Salto de casi dos meses, de aquella partida en barco a esta llegada en bicicleta, de aquel cuerpo soñado a este cuerpo real. Tantos meses sin pasar por la Biblioteca Nacional, sin cruzar Las Heras, Libertador, Alcorta, los árboles, el pasto, el cielo más abierto... aunque esta vez no tanto, las nubes se están cargando y anuncian lluvia para la tarde. Pero todavía es temprano, mamá descubre el ceibo, la alfombra roja bajo nuestros pies. La flor nacional, dice. Sí, me lo dijo la maestra de quinto grado, aclarando que se escribe tanto con “c” como con “s”. Siguiendo en clave roja aparece un cardenal, va de una flor a otra, rojo con rojo, de una rama a otra, nos mira, apunta el cielo con el pico y se va. Mamá se emociona, el pájaro favorito del abuelo Marcos. Estoy un poco cansada, me dice, podemos sentarnos en este banco, acá no hay nadie. Cierto, en mi sueño no se cansaba, podía dar un salto de ballet y decirme que estaba todo bien, pero acá es el cansancio real de su cuerpo el que está hablando. Nos sentamos. El banco está frío y a los cinco minutos seguimos caminando sobre nuestros pasos. A un costado vemos un tordo negro. Otro pájaro que le gustaba al abuelo Marcos. Decía que yo era un tordo. Él era rubio de ojos claros, como mis tías y mis primos. Yo morocho, de ojos marrones y piel morena, como mamá.

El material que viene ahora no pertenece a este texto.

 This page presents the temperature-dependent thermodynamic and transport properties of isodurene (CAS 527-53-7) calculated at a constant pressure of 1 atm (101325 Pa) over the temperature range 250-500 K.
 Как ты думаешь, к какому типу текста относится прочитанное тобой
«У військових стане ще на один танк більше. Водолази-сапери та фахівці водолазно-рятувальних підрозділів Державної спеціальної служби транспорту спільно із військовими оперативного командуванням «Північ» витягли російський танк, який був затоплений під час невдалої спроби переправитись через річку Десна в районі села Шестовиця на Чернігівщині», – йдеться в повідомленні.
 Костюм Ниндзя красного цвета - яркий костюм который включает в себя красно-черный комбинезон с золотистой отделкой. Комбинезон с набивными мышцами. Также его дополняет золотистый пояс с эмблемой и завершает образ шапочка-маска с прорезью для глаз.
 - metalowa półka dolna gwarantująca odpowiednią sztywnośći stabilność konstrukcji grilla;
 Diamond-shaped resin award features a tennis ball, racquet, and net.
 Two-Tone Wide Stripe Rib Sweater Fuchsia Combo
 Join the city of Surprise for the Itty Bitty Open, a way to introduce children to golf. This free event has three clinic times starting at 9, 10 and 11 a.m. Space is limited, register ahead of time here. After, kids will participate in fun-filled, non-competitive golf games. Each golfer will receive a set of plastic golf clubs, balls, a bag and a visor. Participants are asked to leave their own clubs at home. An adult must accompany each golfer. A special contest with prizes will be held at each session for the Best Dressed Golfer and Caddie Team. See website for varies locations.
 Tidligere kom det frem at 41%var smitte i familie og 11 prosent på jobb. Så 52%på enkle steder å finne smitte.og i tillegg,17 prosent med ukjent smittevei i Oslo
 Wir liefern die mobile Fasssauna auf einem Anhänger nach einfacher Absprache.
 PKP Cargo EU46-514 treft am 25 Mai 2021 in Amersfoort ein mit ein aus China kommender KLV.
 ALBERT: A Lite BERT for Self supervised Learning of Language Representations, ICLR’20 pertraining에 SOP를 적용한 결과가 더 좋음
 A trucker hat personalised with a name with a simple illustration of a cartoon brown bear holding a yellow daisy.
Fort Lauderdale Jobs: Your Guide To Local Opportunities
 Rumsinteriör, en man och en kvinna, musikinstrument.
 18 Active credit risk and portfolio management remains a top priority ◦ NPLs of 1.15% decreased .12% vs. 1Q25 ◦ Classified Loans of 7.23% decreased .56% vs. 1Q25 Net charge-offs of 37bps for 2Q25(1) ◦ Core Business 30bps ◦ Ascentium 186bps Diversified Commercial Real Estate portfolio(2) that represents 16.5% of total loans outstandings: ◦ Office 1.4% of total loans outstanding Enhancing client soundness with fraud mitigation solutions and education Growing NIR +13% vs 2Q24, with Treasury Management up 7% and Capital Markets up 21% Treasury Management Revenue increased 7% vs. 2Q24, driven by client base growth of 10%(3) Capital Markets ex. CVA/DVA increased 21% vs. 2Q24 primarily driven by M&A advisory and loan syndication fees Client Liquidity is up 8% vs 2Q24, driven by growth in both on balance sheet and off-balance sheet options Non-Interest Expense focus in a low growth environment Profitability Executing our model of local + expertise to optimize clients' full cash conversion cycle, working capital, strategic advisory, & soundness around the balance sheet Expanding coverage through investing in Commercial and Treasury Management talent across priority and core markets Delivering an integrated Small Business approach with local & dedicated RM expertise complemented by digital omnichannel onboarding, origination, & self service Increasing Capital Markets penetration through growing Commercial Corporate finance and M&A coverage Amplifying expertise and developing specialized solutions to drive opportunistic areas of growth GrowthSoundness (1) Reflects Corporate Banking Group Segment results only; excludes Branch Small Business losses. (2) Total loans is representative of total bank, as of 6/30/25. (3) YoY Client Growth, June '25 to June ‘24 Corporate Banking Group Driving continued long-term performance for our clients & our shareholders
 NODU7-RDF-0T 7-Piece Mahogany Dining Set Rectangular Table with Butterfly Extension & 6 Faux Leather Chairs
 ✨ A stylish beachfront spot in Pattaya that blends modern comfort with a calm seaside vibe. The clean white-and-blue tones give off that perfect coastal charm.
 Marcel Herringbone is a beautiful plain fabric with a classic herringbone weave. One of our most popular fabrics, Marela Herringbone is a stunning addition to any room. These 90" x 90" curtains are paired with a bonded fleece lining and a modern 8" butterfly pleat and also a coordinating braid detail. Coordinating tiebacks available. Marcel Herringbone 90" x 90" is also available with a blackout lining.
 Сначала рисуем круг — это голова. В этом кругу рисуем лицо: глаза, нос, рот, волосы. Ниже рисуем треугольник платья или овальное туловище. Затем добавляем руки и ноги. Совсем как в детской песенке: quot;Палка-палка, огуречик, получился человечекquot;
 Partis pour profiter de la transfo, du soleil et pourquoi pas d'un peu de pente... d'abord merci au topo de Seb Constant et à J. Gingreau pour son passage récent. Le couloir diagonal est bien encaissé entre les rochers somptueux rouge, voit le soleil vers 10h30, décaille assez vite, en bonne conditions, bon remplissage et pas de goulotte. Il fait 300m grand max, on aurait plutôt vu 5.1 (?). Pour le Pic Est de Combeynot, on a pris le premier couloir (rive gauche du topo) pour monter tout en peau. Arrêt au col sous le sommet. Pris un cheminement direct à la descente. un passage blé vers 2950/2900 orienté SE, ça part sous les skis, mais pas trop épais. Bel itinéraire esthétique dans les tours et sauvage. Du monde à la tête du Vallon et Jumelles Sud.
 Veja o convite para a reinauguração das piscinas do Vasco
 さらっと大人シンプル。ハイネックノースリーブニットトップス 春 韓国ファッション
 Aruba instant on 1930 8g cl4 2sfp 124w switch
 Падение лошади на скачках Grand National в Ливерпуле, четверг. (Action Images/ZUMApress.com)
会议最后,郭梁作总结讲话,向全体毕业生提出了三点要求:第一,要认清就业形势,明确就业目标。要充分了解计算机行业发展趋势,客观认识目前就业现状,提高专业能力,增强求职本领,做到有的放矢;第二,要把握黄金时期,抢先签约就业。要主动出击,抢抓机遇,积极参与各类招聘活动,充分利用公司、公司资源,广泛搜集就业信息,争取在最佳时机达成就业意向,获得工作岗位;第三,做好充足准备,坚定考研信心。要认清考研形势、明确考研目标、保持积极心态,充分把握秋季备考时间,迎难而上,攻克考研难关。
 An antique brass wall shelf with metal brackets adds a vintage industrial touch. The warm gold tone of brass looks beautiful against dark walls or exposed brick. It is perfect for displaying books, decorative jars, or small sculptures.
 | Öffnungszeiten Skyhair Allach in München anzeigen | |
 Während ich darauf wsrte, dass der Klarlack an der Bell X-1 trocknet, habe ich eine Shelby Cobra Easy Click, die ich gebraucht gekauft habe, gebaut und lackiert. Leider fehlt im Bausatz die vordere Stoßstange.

De ese paseo por recuerdos familiares en medio de árboles, flores y pájaros, vamos volviendo a la ciudad, al barrio, al presente de bocinas y gente. Por eso propongo un camino alternativo, por Bollini. Mamá se sorprende al entrar al pasaje, es otro paréntesis en medio de la gran ciudad, solo que este paréntesis no es de pasto, sino de adoquines. Le gusta, porque también sigue la tónica de transitar otro tiempo. Y camina por el medio de la calle, quiere sentir los adoquines bajo sus pies. Escucho un auto que viene, yo no quiero sentirte a vos bajo las cuatro ruedas, mejor subí a la vereda. Pasamos por La Dama de Bollini, por otras casonas viejas. De una cuelgan varias flores. Miro un balcón que está a la derecha y cuando vuelvo a mirar a mamá me doy cuenta de que tiene un par de flores en la mano. El mismo gesto de Tati afanando flores. No sé quién copia a quien, si la nieta a la abuela o la abuela a su nieta. Me río para adentro. Estamos a metros de salir del pasaje y como si hiciera falta dejar en claro que el ensueño se está por cortar y vamos a volver a la cruda realidad, el sonido de un impacto nos sobresalta. Después vienen las puteadas. Al llegar a la esquina vemos a una mujer que tiene una bicicleta (o lo que queda de ella) increpando a otra que se baja del auto. La rueda delantera parece la cinta de Moebius. La ciclista le dice de todo y tiene razón. La otra le dice no pasa nada, mi seguro te va a pagar todo. ¿Si me sacabas una pierna también me la iba a dar tu seguro? Mamá mira desde la vereda de enfrente y cuando ve que quiero cruzar me dice qué hacés. No te preocupes, ya vengo. Justo pasa un patrullero, pero sigue de largo. Mejor. Cruzo y le pregunto a la ciclista si está bien. Me dice que sí, me agradece, le pide disculpas a la mujer que manejaba por las puteadas, ambas se empiezan a entender en otro tono, cruzo y vuelvo con mamá. Justo hablábamos de cómo está la gente en la calle antes de ese paréntesis del choque. O tal vez el paréntesis haya sido lo anterior, la caminata por los adoquines del Pasaje Bollini y por el verde de Palermo.